Sur Jean 1,36-42
Maître, où demeures-tu ?

Guillaume de saint Thierry
La contemplation de Dieu, SC 61, p. 123s

Seigneur Jésus-Christ, Vérité et Vie, délivre mon âme de toute idolâtrie. Fais qu’avec toi elle se couche, qu’elle se repaisse de toi au midi de la ferveur de ton amour. C’est qu’en effet mon âme songe à toi, à l’image de laquelle elle a été créée ; qu’elle lutte pour être attentive à ta face. Qu’elle ne soit pas forcée de rentrer dans sa demeure de pauvreté.

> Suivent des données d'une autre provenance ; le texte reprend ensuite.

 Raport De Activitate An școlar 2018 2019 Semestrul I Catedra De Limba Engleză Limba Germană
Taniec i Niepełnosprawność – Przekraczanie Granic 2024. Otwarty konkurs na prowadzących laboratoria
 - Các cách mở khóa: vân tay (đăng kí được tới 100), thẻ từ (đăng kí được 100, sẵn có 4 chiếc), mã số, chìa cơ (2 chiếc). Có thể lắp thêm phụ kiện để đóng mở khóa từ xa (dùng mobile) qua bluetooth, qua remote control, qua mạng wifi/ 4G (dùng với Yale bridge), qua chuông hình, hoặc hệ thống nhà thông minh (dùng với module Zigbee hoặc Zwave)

Si le regard intérieur de la raison et de l’amour n’a rien sur quoi se poser pour que l’affection se repose, que l’attention s’y fixe, que le fruit de l’amour s’y dépose, alors la contemplation s’émousse, la prière s’attiédit, l’attention se lasse, l’intelligence s’affaiblit, et la raison devient impuissante !
Ô mon Seigneur, réponds-moi, je t’en prie ! Maître, où demeures-tu ? Viens, dit-il, et vois ! Ne crois-tu pas que moi je suis dans le Père, et que le Père est en moi ? grâces à toi, Seigneur, ce n’est pas rien ce à quoi nous sommes parvenus : ton lieu, nous l’avons trouvé. Ton liue, c’est ton Père ; et le lieu du Père, c’est toi. De par ce lieu, tu es localisé ; mais cette localisation qui est la tienne, elle est de loin, plus haute, plus secrète que toute localisation. Cette localisation, c’est l’unité du Père et du Fils, la consubstantialité de la Trinité.

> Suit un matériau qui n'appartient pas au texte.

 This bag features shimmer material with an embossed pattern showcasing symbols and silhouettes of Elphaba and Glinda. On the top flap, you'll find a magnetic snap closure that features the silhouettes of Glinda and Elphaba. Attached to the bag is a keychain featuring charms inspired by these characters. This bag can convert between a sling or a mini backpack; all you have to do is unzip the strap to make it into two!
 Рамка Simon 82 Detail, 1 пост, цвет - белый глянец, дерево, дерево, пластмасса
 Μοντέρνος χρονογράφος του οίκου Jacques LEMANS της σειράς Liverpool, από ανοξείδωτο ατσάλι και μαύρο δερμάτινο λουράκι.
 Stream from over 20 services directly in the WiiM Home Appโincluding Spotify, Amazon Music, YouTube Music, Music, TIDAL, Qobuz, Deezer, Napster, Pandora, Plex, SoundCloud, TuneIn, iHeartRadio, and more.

Et quoi ? Avons-nous seulement trouvé un lieu au Seigneur ? Bien mieux, ô mon âme, fais effort tant que tu peux, moins par l’efficacité de la raison que par l’affection de l’amour. Et si le lieu de Dieu, c’est Dieu, si cette localisation est la consubstantialité de de la Trinité, rejette toute imagination usuelle du lieu, et comprends que Dieu, tu l’as trouvé en lui-même. Lui-même le montre, qui est d’autant plus vraiment et certainement, que c’est de lui-même, en lui-même, par lui-même, qu’il est ce qu’il est.
Et si quelquefois, en notre oraison, nous tenons les pieds de Jésus, et, attachés à la forme de son humanité, qui fait une seule personne avec le Fils de Dieu, nous n’errons pas, mais cependant nous retardons et empêchons l’oraison spirituelle. Lui-même nous le dit : Il est bon que je m’en aille. Si je ne pars pas, le Paraclet ne viendra pas à Vous.